"There is much pleasure to be gained from useless knowledge." --Bertrand Russel (attributed)
Well looking at those really quickly sounds like the big question is What if Nintendo actually kept with sony on partnership. What would have happened?
The short answer would be microsoft probably would have never even made console knowing they would never have even stood a chance. And probably sega would have saw the numbers pulling in from this alliance and not even bother releasing the dream cast making Nintendo/sony the ultimate ruler of the console market with no one to challenge them.
Monopolies are never good for industries, just look at Pro Wrestling in America.

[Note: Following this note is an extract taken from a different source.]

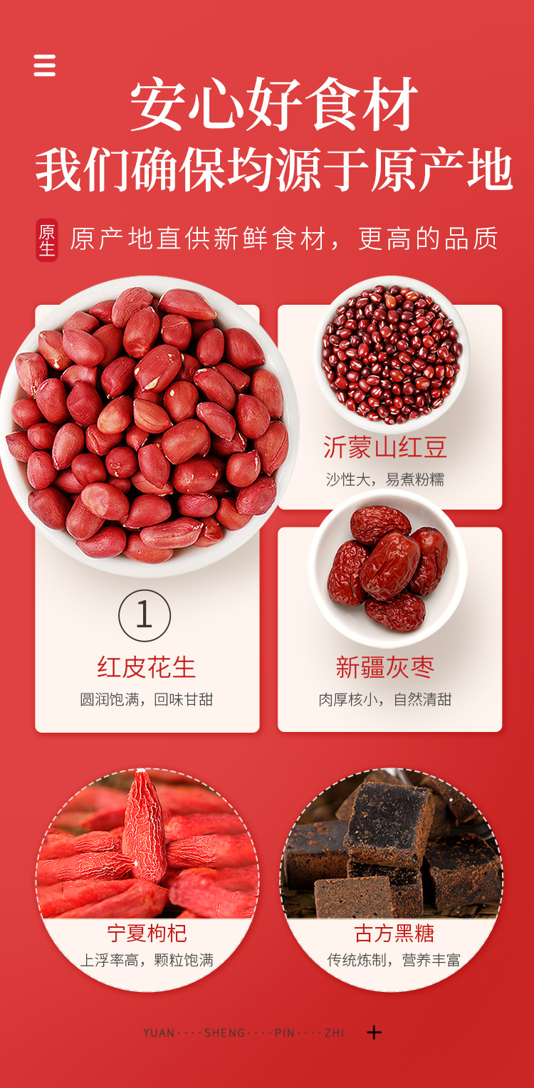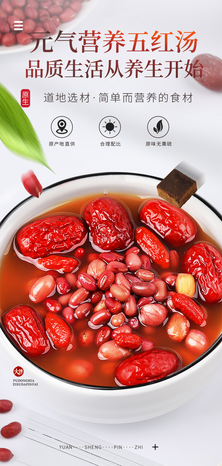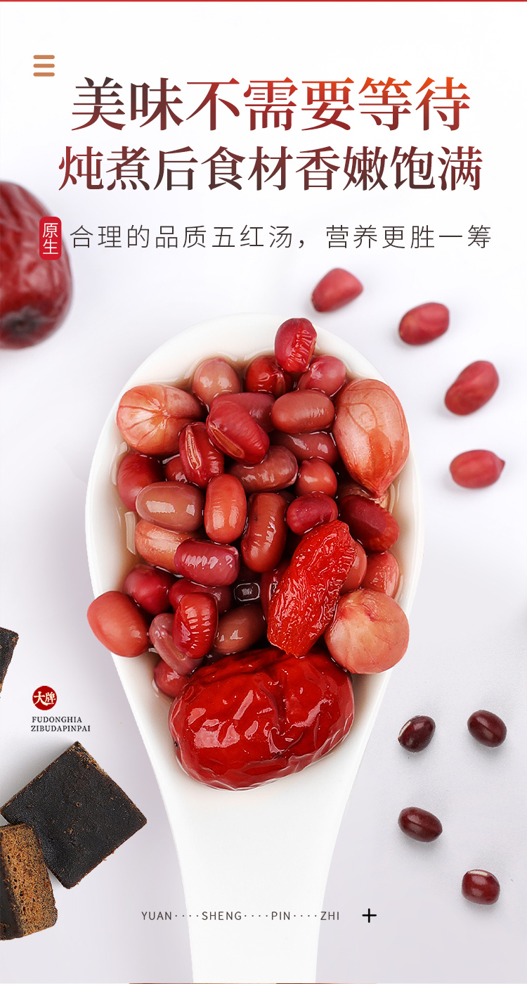 优选丨福东海 五红汤料1000g/袋 红皮花生红豆红糖红枣枸杞材料包 煲汤料包 产后月子餐哺乳期养生粥

Sega would have been better off if Sony hadnt made the Playstation, it caused them to rush a lot of things and then Bernie Stolar came from being in charge of the American Playstation to being in charge of Sega America and he made it not have 2D games or RPGs, then ultimately killed the Saturn. Sega would have been a strong number 2 to Nintendo after the the N64 would have been a 3D cd based console since the Saturn wasnt originally going to be a 3D machine. In fact the N64 may not have been a 64 bit system, and the Dreamcast may not have been a 128 bit system. Microsoft would have entered the console market because then it would have been only Nintendo and Sega against each other. Sony would have only have made the cd attachment and hardware for Nintendo, it wouldnt have been an equal joint venture. It all rested on Sony not wanting to be a major player in the video game world, they did, so we got the Playtstation and here we are now.

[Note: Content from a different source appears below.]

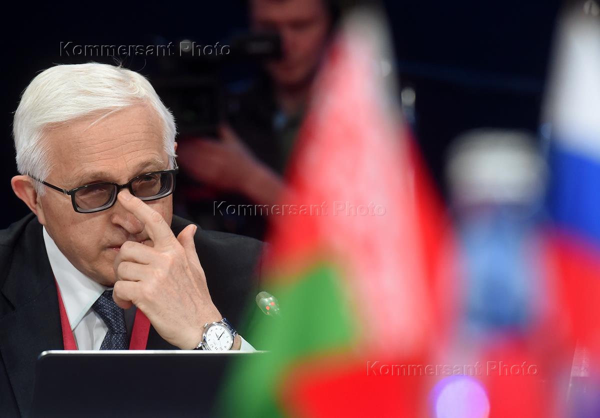 XXV Петербургский международный экономический форум (ПМЭФ) 2022 в конгрессно-выставочном центре (КВЦ) "Экспофорум". День второй. Сессия "Союзное государство: экономическая интеграция – новые задачи". Министр антимонопольного регулирования и торговли Белоруссии Владимир Колтович во время сессии.

What if Infocom hadn't been bought by Activision and left for dead shortly thereafter? Would the text adventure genre have survived and advanced in the mainstream as opposed to being revived by hobbyists years later?
What if Looking Glass hadn't gone under? Would they be making new awesome or would people just be lamenting that System Shock 5 just ain't the same?
What if John Romero and Tom Hall hadn't been ousted from Id Software?
What if Chris Crawford had stayed in the gaming industry and tried implementing his interactive storytelling ideas gradually from within instead of seperating from it completely?
And this is a minor one, but what if the source code for Daggerfall hadn't been lost and was instead released as open source when Bethesda put the game out for free a few years ago? Would there be shiny modern ports of it with modern features, perhaps even a modding community like there are for the later Elder Scrolls games?